Hi, I recently downloaded some data from the paper
http://www.nature.com/nbt/journal/v31/n11/full/nbt.2705.html . It is long RNA-seq read data. Average read length is about 1kb or so. Initially I ran using the following parameters with the hg19 genome that is provided on the STAR ftp site
../STAR --genomeDir ../hg19/hg19 --readFilesIn ../../../Documents/PacBio/emi22260.css.fastq --outFilterMatchNminOverLread .25 --outFilterMismatchNmax 100 --outFilterScoreMinOverLread .25
This caused a Segmentation fault (core dumped) error almost immediately after the mapping phase began.

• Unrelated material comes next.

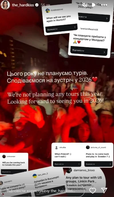 Нагадаємо, після початку повномасштабного вторгнення The Hardkiss давали здебільшого благодійні концерти за кордоном. В Україні виступала лише Юлія Саніна. Вона їздила в сольний тур Україною Special Kiss.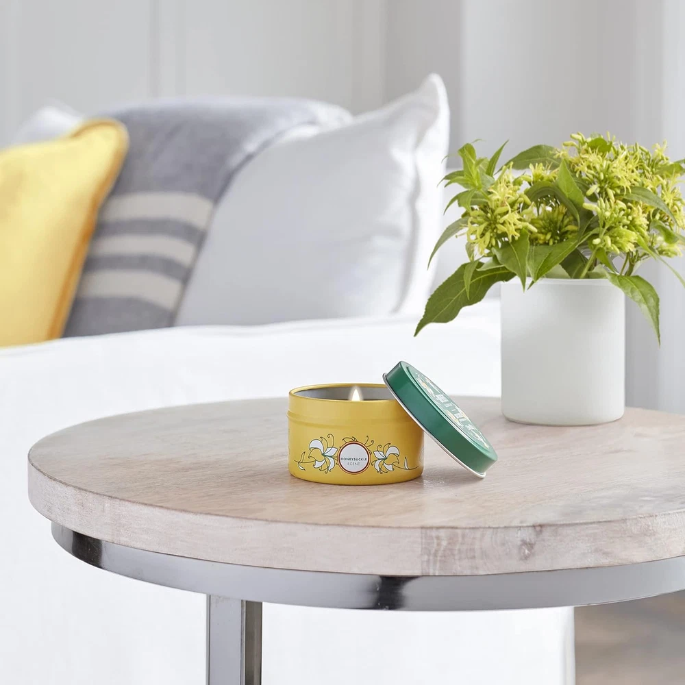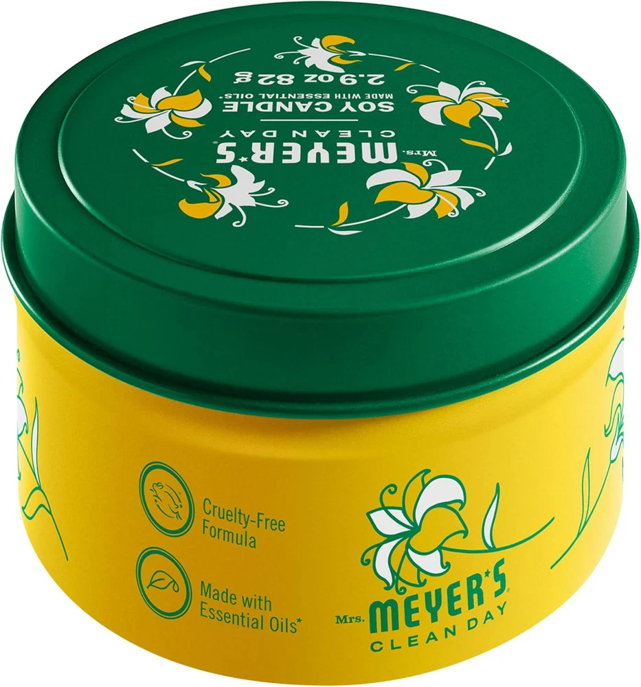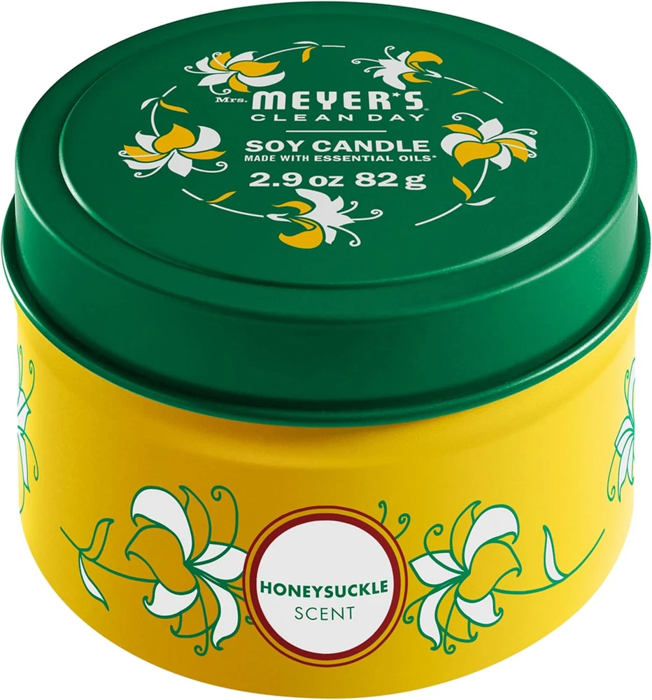 MRS. MEYER'S CLEAN DAY Soy Tin Candle, 12 Hour Burn Time, Single, Honeysuckle Product Details Brand: MRS. MEYER'S CLEAN DAY Color: Honeysuckle Product Dimensions: 2.96"W x 1.83"H Item Weight: 0.18 Pounds Number of Items: 1 Scent: Honeysuckle Are Batteries Included: No Indoor/Outdoor Usage: Indoor Specific Uses For Product: Aromatherapy Shape: Round Material: Soy Wax Container Material: Tin Occasion: Travel Seasons: All Season Special Feature: Long Burning Style: Honeysuckle Wick Quantity: 1 Model Name: Tin Candle Theme: Fruit Package Information: Can Product Care Instructions: Trim wick to 1/4 inch before each lighting. Burn candle 2-3 hours at one time. Keep away from drafts. Do not burn more than 4 hours. Recycle tin container after use. Material Type Free: Cruelty-free Unit Count: 2.9 Ounce Embellishment: Long burning Material Feature: Plant-Based Candle Type: Container Candle Size: Single Manufacturer: SC Johnson Part Number: 311651 Item Weight: 2.88 ounces Country of Origin: USA Item model number: 311651 Special Features: Long Burning Batteries Included?: No Batteries Required?: No Product Dimensions : 2.96 x 2.96 x 1.83 inches; 2.88 ounces Item model number : 311651 Manufacturer : SC Johnson Country of Origin : USA Brand: MRS. MEYER'S CLEAN DAY Color: Honeysuckle Product Dimensions: 2.96"W x 1.83"H Item Weight: 0.18 Pounds Number of Items: 1 Scent: Honeysuckle Are Batteries Included: No Indoor/Outdoor Usage: Indoor Specific Uses For Product: Aromatherapy Shape: Round What's cleverly contained in our Honeysuckle Tin Candle? The garden-inspired scent of honeysuckle It's made with essential oils, plant-derived soy wax and other thoughtfully chosen ingredients Long-lasting fragrance Soy Candle with a lead-free wick that gives you 12 hours of smooth burn time, and with a cruelty-free formula, of course Cruelty-free formula, of course It's a long burning candle with a lead-free wick. That gives you twelve hours of smooth burn time If you could make household chores more pleasant, well, why wouldn't you? Just light up a Mrs. Meyer's Clean Day Honeysuckle Candle, and you'll be doing just that. Oh joy! In a moment, tempting sweet and enticing honeysuckle scent is all around. A charming mix of flowers and fruits. So serene and sunny! These soy candles are made with plant-derived wax, essential oils and other thoughtfully chosen ingredients and come in delightful decorative tins. They look just darling, and also make great gifts. You'll have plenty of time to clean or relax, while enjoying the garden-inspired scent: the lead-free wick has a 12-hour burn time. And to make what's already great even better, you can choose from a bunch of other garden-inspired scents, as well as products such as body lotions, laundry detergents, soap, tin candle holders, and more. Mrs. Meyer's - Rooted in Goodness.

Log file was empty aside from the header. I tried using default parameters
../STAR --genomeDir ../hg19/hg19 --readFilesIn ../../../Documents/PacBio/emi22260.css.fastq
and it ran a bit longer. The log file actually printed two lines, although nothing was printed in Aligned.out.sam
Jan 15 10:57:25 0.7 14653 1004 19.1% 772.9 0.6% 1.2% 0.0% 0.0% 78.7% 1.0%
Jan 15 10:58:26 0.8 29428 999 25.3% 777.9 0.5% 2.2% 0.0% 0.0% 71.6% 0.9%
It ended with the same error. Relatedly, the alignment rate is extremely low (in the paper they got 98% overall). Im guessing reads were hitting the max number of mismatches and being thrown out but Im not sure.
So my question is, what is the best way to use STAR when working with very long reads?